Strange voltage readings

probablyajoke

Prominent
Dec 13, 2017
3
0
510
I have my 8700k's voltage fixed at 1.29v in the BIOS with a multiplier of 47. When there's no load CPU-Z says the core voltage is 1.264v and Core Temp says the VID is 1.3998v. When under load (prime95) CPU-Z says the core voltage is 1.232v and Core Temp says the VID is 1.5144v.

Why do these programs say my voltage is way different from what I set it to in the BIOS? And is the high reading from Core Temp anything to be concerned about?
 
Solution
With regards to the core voltage being lower than what you set, that is due to vdroop, natural drop in voltage when the CPU asks fro voltage from idle. More correct version - Normally (if load-line calibration is disabled) you'll notice a significant drop in CPU voltage when the processor goes from an idle state to a load state. This voltage drop can be corrected by changing the LLC setting from normal, high, Turbo and Extreme (The Gigabyte version). I have my LLC set to Turbo to keep my 4.9GHz vcore droop very flat, hardly any drop.

The VID question I also have found confusing but this is what another forum member says: Max VID is the highest voltage allowed without overclocking. If your chip would ever have more than that pushed...
With regards to the core voltage being lower than what you set, that is due to vdroop, natural drop in voltage when the CPU asks fro voltage from idle. More correct version - Normally (if load-line calibration is disabled) you'll notice a significant drop in CPU voltage when the processor goes from an idle state to a load state. This voltage drop can be corrected by changing the LLC setting from normal, high, Turbo and Extreme (The Gigabyte version). I have my LLC set to Turbo to keep my 4.9GHz vcore droop very flat, hardly any drop.

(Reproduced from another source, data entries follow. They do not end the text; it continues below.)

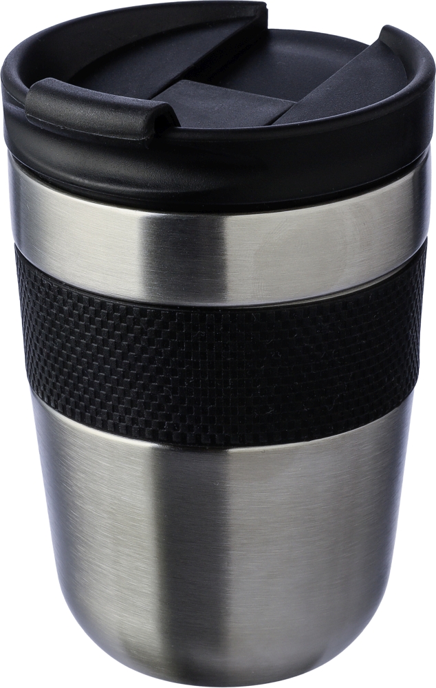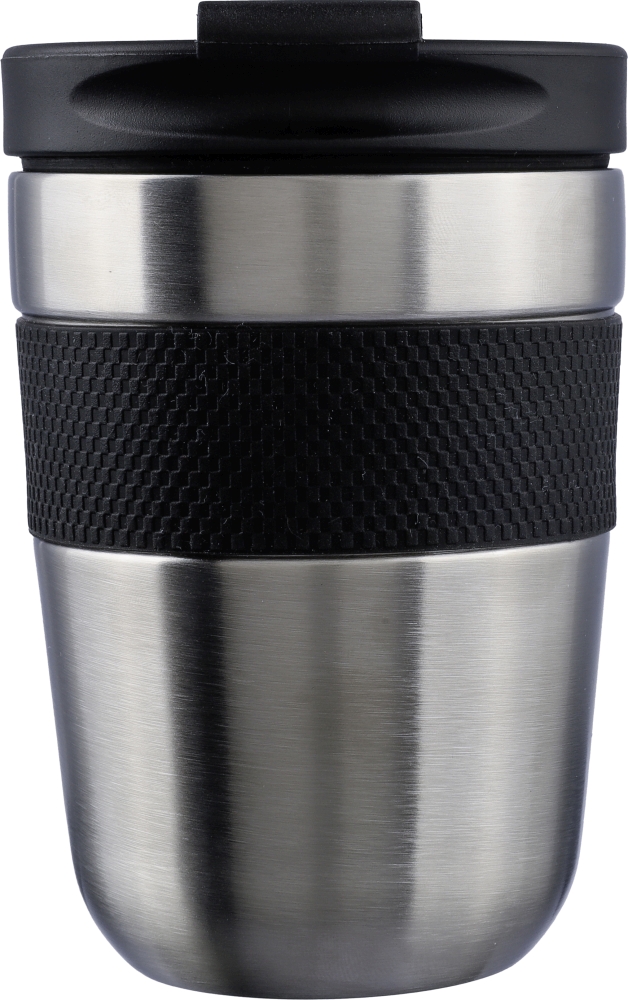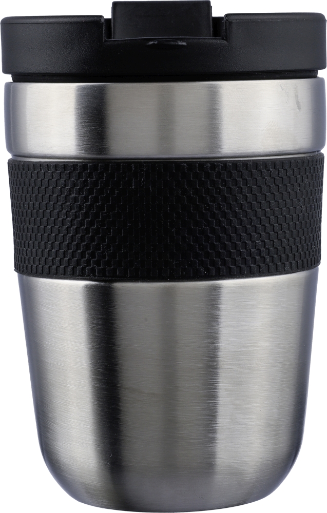 Stainless steel double-walled drinking mug (300 ml) with a PP lid and silicone grip. Keeps contents hot for 4 hours and cold for 6 hours. The interior is made of stainless steel 304, and the exterior is stainless steel 201. Individually packaged in a brown cardboard box. Dimensions: 8,5 x 8,5 x 13 cm
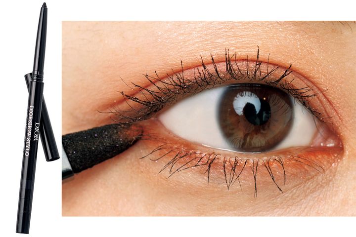 2.下まぶたキワのブラウンと漆黒インラインが目力の鍵。ディオールショウ スティロ ウォータープルーフ 091 マットブラック ¥4,510(パルファン・クリスチャン・ディオール)
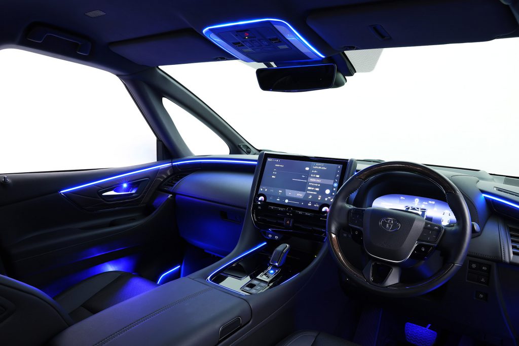 40アルファード用アンビエントライトは、インパネフロントラインやフロントドアデコラインから、リアは運転席と助手席下から後席の足元を照らす間接照明も設定。
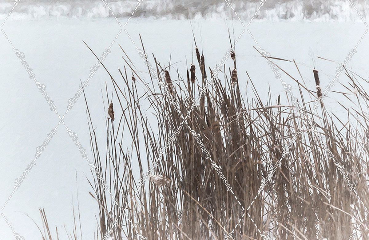 Cattails In Wind And Snow

The VID question I also have found confusing but this is what another forum member says: Max VID is the highest voltage allowed without overclocking. If your chip would ever have more than that pushed through it on default BIOS settings and no software overclock, the BIOS would stop the boot and report a CPU error. You should not be concerned...

The reason you're able to go above the max VID is because you've applied overclock settings. Max VID doesn't apply when overclocking.

Others hopefully will comment as I am no expert on Overclocking but do dabble to get the most out of my CPU's..
 
Solution

probablyajoke

Prominent
Dec 13, 2017
3
0
510
Sorry for the late response (I couldn't find my login info). Core temp says "VID", not "Max VID". I'm just wondering if having the high VID reading is something I should be concerned about. I definitely do not want my chip running @ 1.4v 24/7.

I will look into the LLC settings to try to fix the droop and maybe get a higher OC. But I do have one question about it, if the voltage droops down to a safe level is it still bad for the CPU since it's raising the input voltage to compensate?